The truth is, this only looks like a dispute between hawks and doves over relations with the Palestinians. Actually, the settlers have their own special agenda--a nice, solid one that conflicts with the agenda of most Israeli citizens. Over the years, however, they have managed to hide its true essence behind a veil of defense concerns or nostalgic-Zionist inertia.

Only occasionally does the truth slip out, via an unplanned shout at a rally ("The people of Israel don't want peace!") or the careless remark of a settler ("The real dispute is over the character of the state. We've never had any intention of being a nation like all others.

"Secular Zionism has got it all wrong. We're going to build a Temple on the Temple Mount, and the mosque will be torn down," a settler told Ha'aretz correspondent Daniel Ben Simon in September 2001).
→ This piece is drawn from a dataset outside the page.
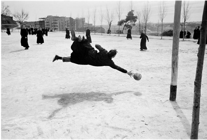
Seminario. Madrid, 1960

fotografía un papel relevante en el nuevo esquema profesional. Ramón Masats encontró allí su hueco como colaborador al llegar a Madrid.
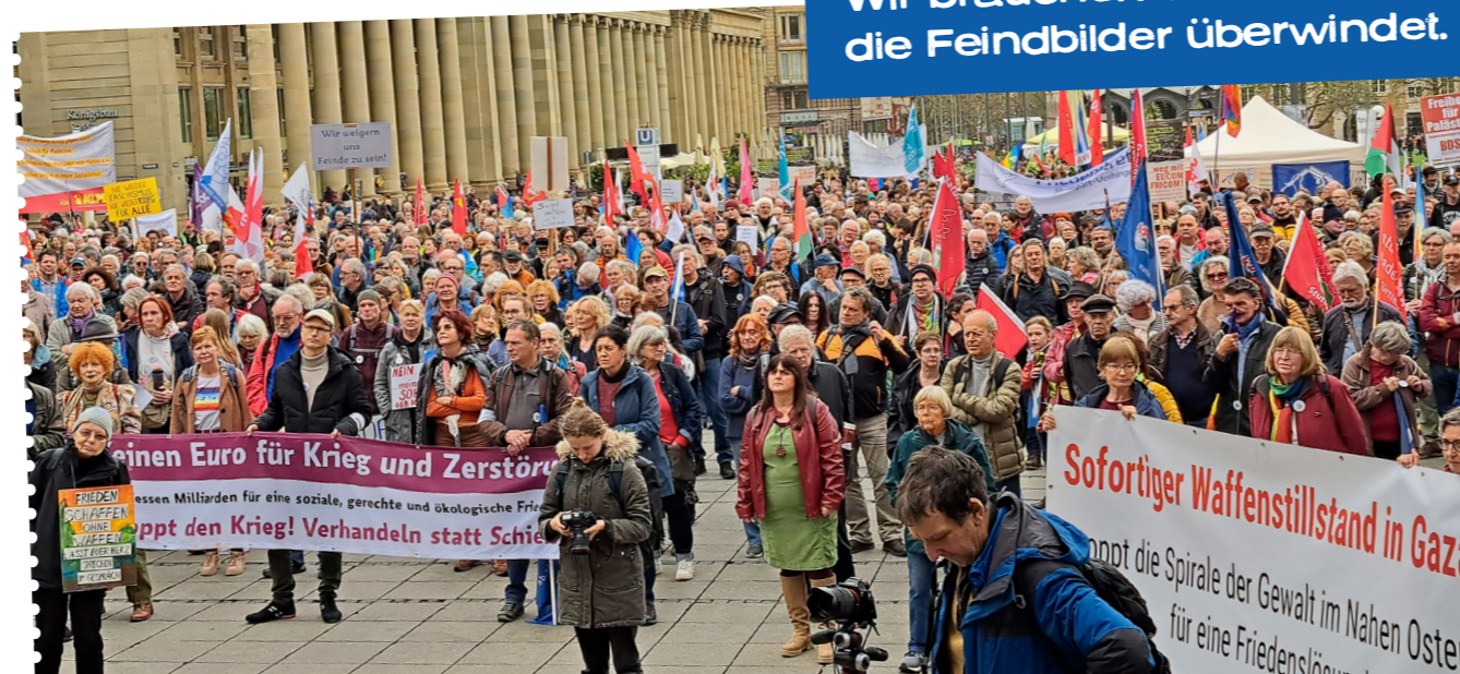
Ostermarsch 2024 in Stuttgart

Unsere gemeinsame Botschaft lautet: Nie wieder Faschismus. Nie wieder Krieg. Wir brauchen eine Politik, die Feindbilder überwindet.

Not so much through their own planning, but by virtue of the spiritual decline and emptiness of the secular Zionist movements since the Six-Day War, the settlers have commandeered the national agenda, sabotaging normalization efforts for 30 years and now openly embracing the greatest of anomalies--kindling and escalating war.

Yes, it's Arafat's fault. Yes, it's the Palestinians' fault. But only one Israeli leader, Yitzhak Rabin, found the courage to stand up to the deeper, more tenacious form of occupation--not our conquest of territories but the conquest of the Israeli agenda by the settlers. But look where he is. And look where they are.

Doron Rosenblum writes for the Israeli daily Ha'aretz.